ACTION ITEM — From the records that follow, return exactly the lines beginning at the one that contains "Loft Bed with" and ending at the one that contains "[00:28.33] | 搞到那些年轻人都要自由两个字 |", pictures left out.

AVAILABLE DATA —
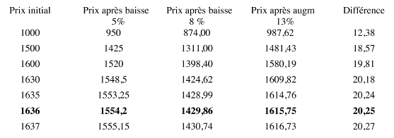 - Procédure par essais, globale : Au cas où les trois transformations sont composées 0,95 × 0,92 × 1,13 = 0,98762, le tableau ci-dessus présentera deux colonnes de moins. Finalement, retenir les valeurs de l’action qui correspondent à une différence (baisse) de 20,25 € dans le tableau, soit de 1636 €.
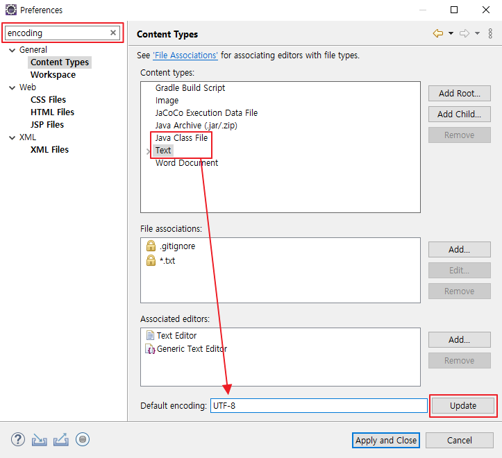 먼저 Content Types 를 선택해서 Java Class File과 Text를 각각 선택해서 하단의 Default encoding 입력란에 UTF-8을 입력하고 Update 버튼을 클릭합니다.
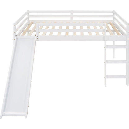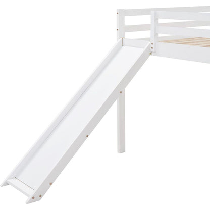 Loft Bed with Slide, Multifunctional Design, Full (White)
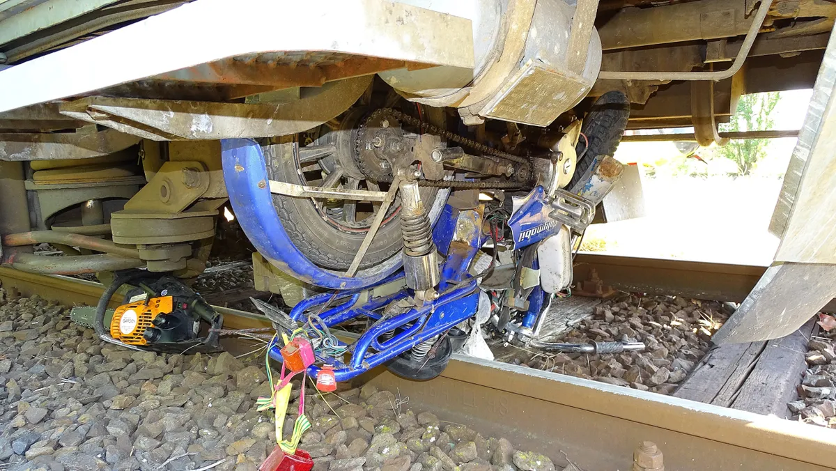 A férfi robbanómotoros kerékpárjával a fénysorompó tilos jelzése ellenére kelt át a vasúti átjáróban – tájékoztatott a rendőrség.
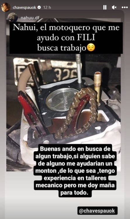 “Ando en busca de algún trabajo, si alguien sabe de alguno me ayudaría un montón, de lo que sea. Tengo experiencia en talleres mecánicos pero me doy maña para todo”, escribió el joven en sus historias. Al ser mencionada, la modelo no dudó en compartirlo con sus miles de seguidores. “Nahui, el motoquero que me ayudó con Fili busca trabajo”, tituló en su cuenta.
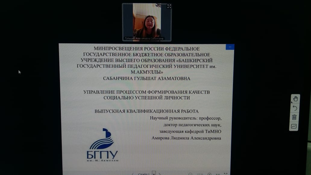 20 июня 2020 года были проведены и успешно завершились государственные аттестационные испытания магистрантов по направлению 44.04.01 Педагогическое образование (уровень магистратуры по программе «Менеджмент в образовании и культуре»)Испытания были организованы в инновационном - дистанционном режиме с привлечением потенциальных работодателей. Высокий уровень подготовки выпускников был отмечен в ходе и защит выпускных квалификационных работ. Состав комиссии формировался большей частью из работодателей. В состав комиссии вошли председатель экзаменационной комиссии - начальник Управления образования Администрации городского округа город Уфа Республики Башкортостан  Е.Р. Хаффазова, директора ведущих школ, заведующие детскими садами г. Уфы.
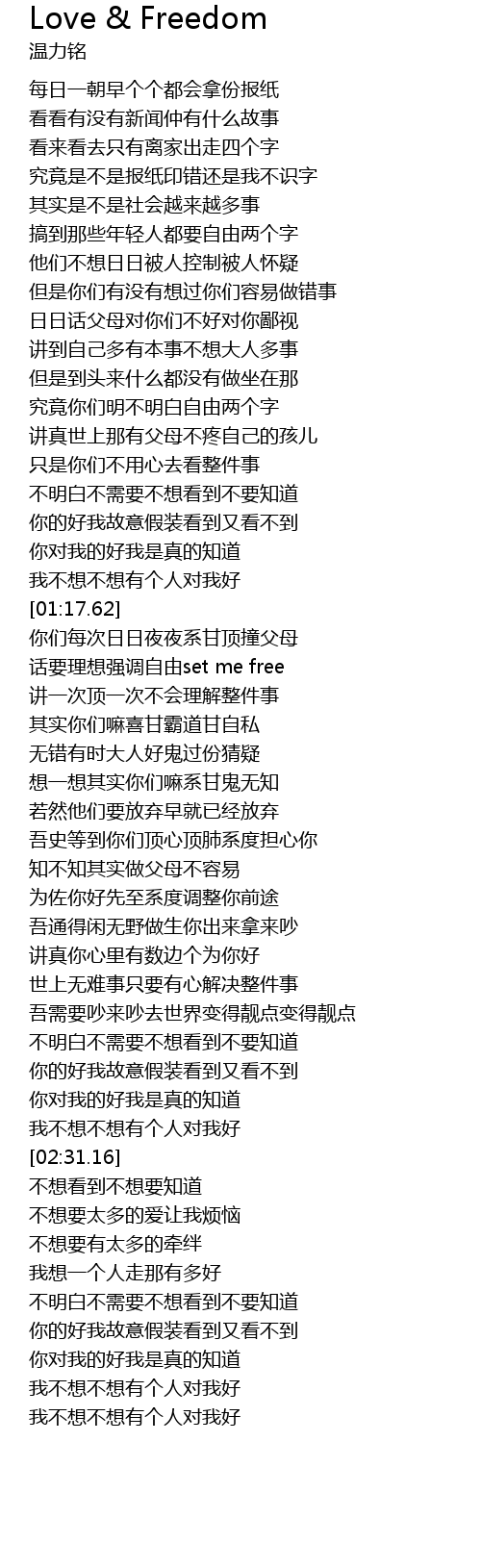 | [00:28.33] | 搞到那些年轻人都要自由两个字 |
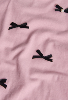 See roosa kootud T-särk mustade lipsukestega toob iga väikese kandja riietusse naiselikkust ja mängulisust. Pikkade varrukate ja ümara kaelusega mudel on soe ja mugav valik sügiseks ja talveks. Valmistatud pehmest puuvillast, sobib see suurepäraselt igapäevaseks kandmiseks.
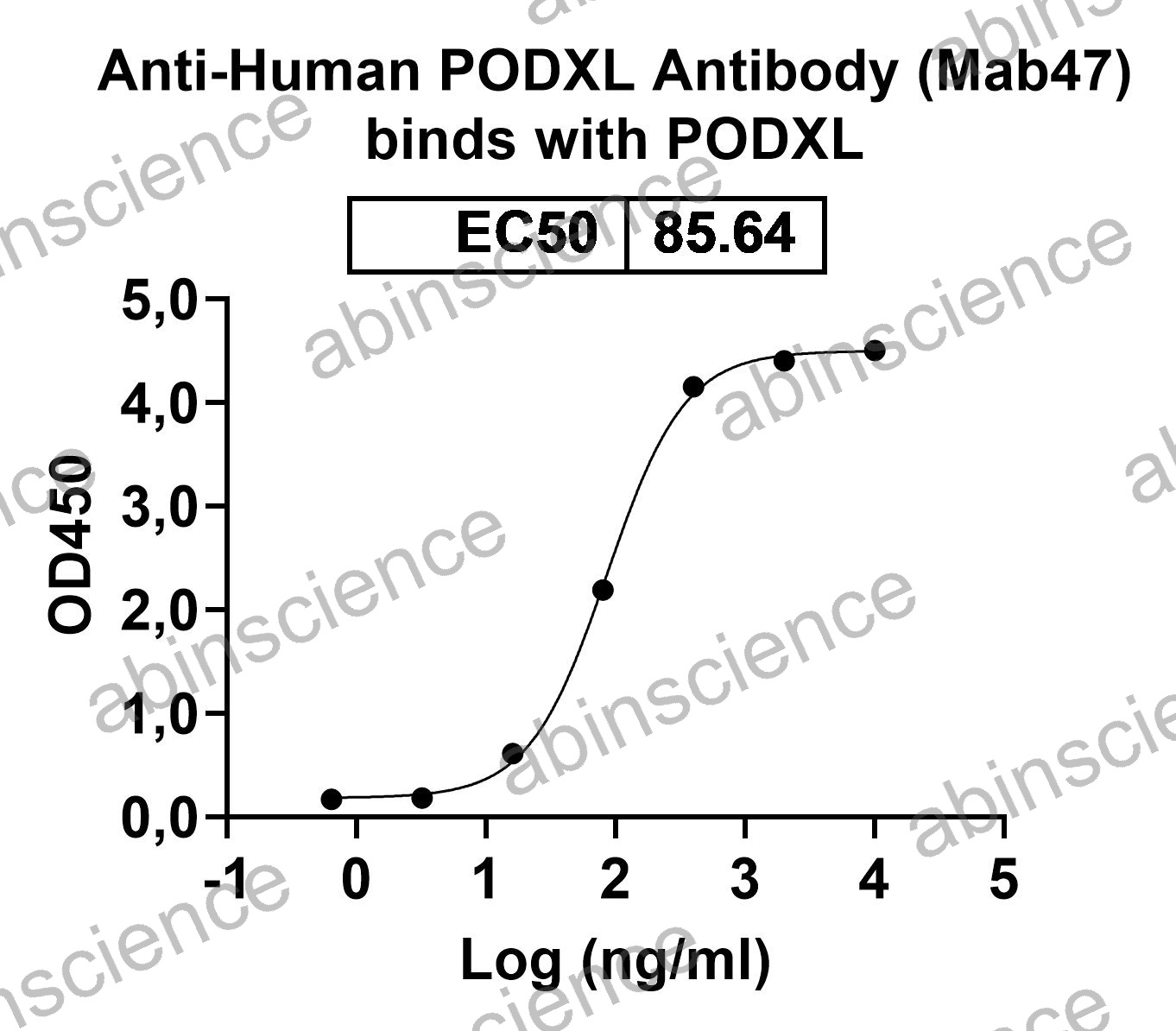 Detects recombinant human PODXL (Cat No.: HT033012) in indirect ELISA. |

SOLUTION BELOW —
 Loft Bed with Slide, Multifunctional Design, Full (White)
 A férfi robbanómotoros kerékpárjával a fénysorompó tilos jelzése ellenére kelt át a vasúti átjáróban – tájékoztatott a rendőrség.
 “Ando en busca de algún trabajo, si alguien sabe de alguno me ayudaría un montón, de lo que sea. Tengo experiencia en talleres mecánicos pero me doy maña para todo”, escribió el joven en sus historias. Al ser mencionada, la modelo no dudó en compartirlo con sus miles de seguidores. “Nahui, el motoquero que me ayudó con Fili busca trabajo”, tituló en su cuenta.
 20 июня 2020 года были проведены и успешно завершились государственные аттестационные испытания магистрантов по направлению 44.04.01 Педагогическое образование (уровень магистратуры по программе «Менеджмент в образовании и культуре»)Испытания были организованы в инновационном - дистанционном режиме с привлечением потенциальных работодателей. Высокий уровень подготовки выпускников был отмечен в ходе и защит выпускных квалификационных работ. Состав комиссии формировался большей частью из работодателей. В состав комиссии вошли председатель экзаменационной комиссии - начальник Управления образования Администрации городского округа город Уфа Республики Башкортостан  Е.Р. Хаффазова, директора ведущих школ, заведующие детскими садами г. Уфы.
 | [00:28.33] | 搞到那些年轻人都要自由两个字 |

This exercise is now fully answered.